- We have seven boats plus one privately owned.
- Fleet dues are about $300/ yr for the initial 24 folks who each paid a $1500 initiation fee (to buy the boats and the fix-em-up). For members who came in after the boats were capitalized, they pay a higher yearly fee - $450. The yearly maintainance fees take care of bottom cleaning, painting, sail and boat repairs, fittings, line etc for continual upkeep. We find that we can't afford our own boatyard fees so we do our own work or subcontract wherever possible (rather than pay the Gibson Island Yacht Yard prices for work on the boats).
We put together a fleet of seven 210s for about $6,000 each. That includes new Jenkins sails. Split between the 45 or so members this isn't bad. I’ve put untold hours into getting the boats going and had lots of help. It's what I wanted to do. I've enjoyed it.
Our biggest problems are getting members out to sail.

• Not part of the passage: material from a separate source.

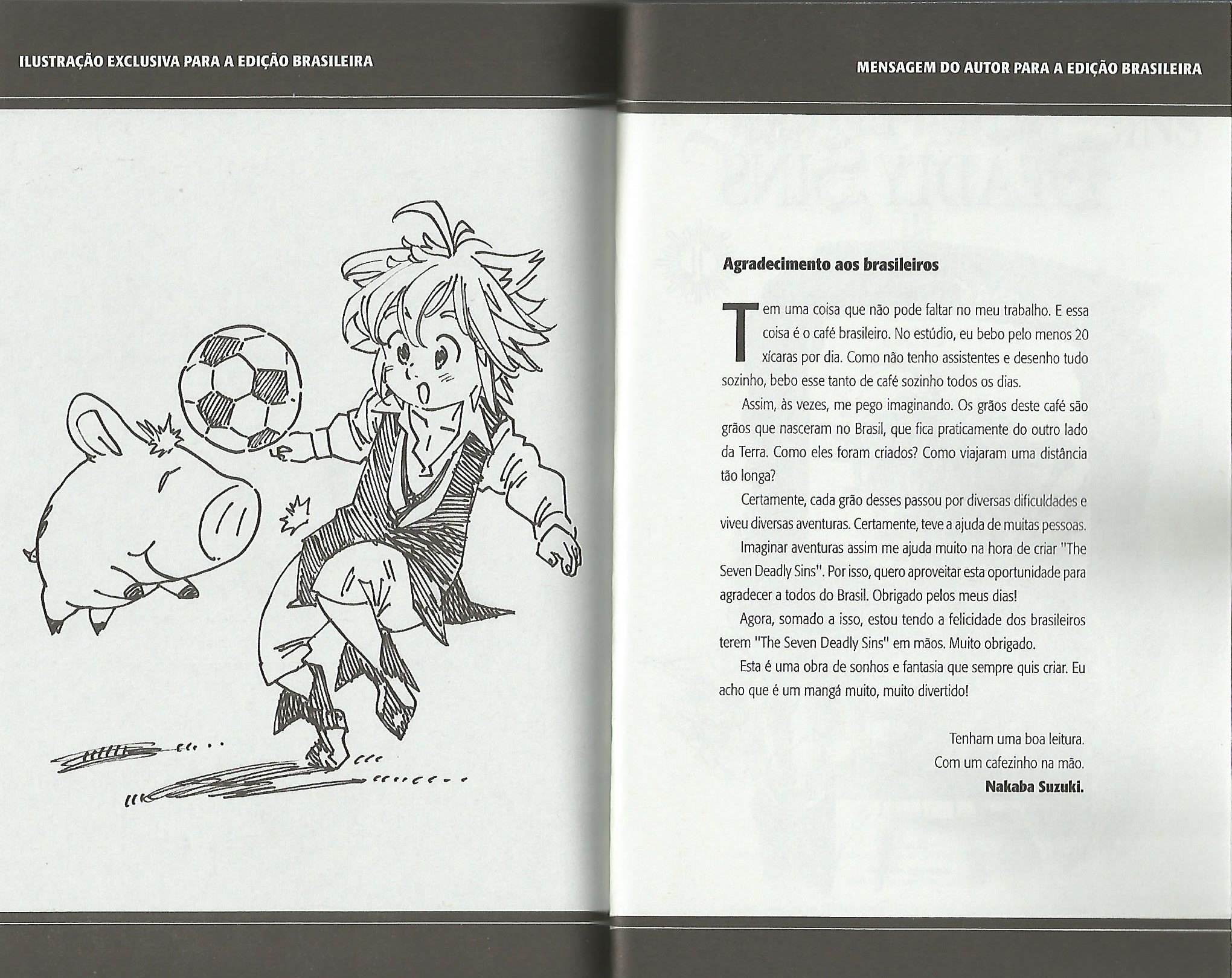 Uma coisa super legal nesse volume, é um recado e uma ilustração exclusiva para os brasileiros! Pelo jeito, Nakaba é um viciado em café e toma no mínimo 20 xícaras por dia para dar conta do trabalho…

We sail the boats doublehanded to maximize the number of boats out. On occasion, we have had a great turnout. The boats, to be honest, are pretty crappy, condition wise. As a sailboat, they are lovely. If I were doing it again, I'd get better 210s to start with. That said, they've held together just fine and seem to be reasonably equal in speed.
We host a 210 Class event each year and have about a dozen boats racing on the river. We differ from the class in that we only use blade headsails. For that regatta we ask the visitors to just use blade jibs only. Our boats actually do pretty well (probably because we are used to sailing with the smaller blade jibs). Last year we had a huge squall come through and we sank one of our boats on the Magothy River …. two of the out-of-towners swamped but they had floatation and easily bailed out. Ours went down in seconds. We refloated it and all survived.
Any “Earwigoagin” reader is welcome any time to come sail a 210. Most activity happens in the Fall and Winter (after all our other boats are put away). Come join us for more socialist fun, Comrades.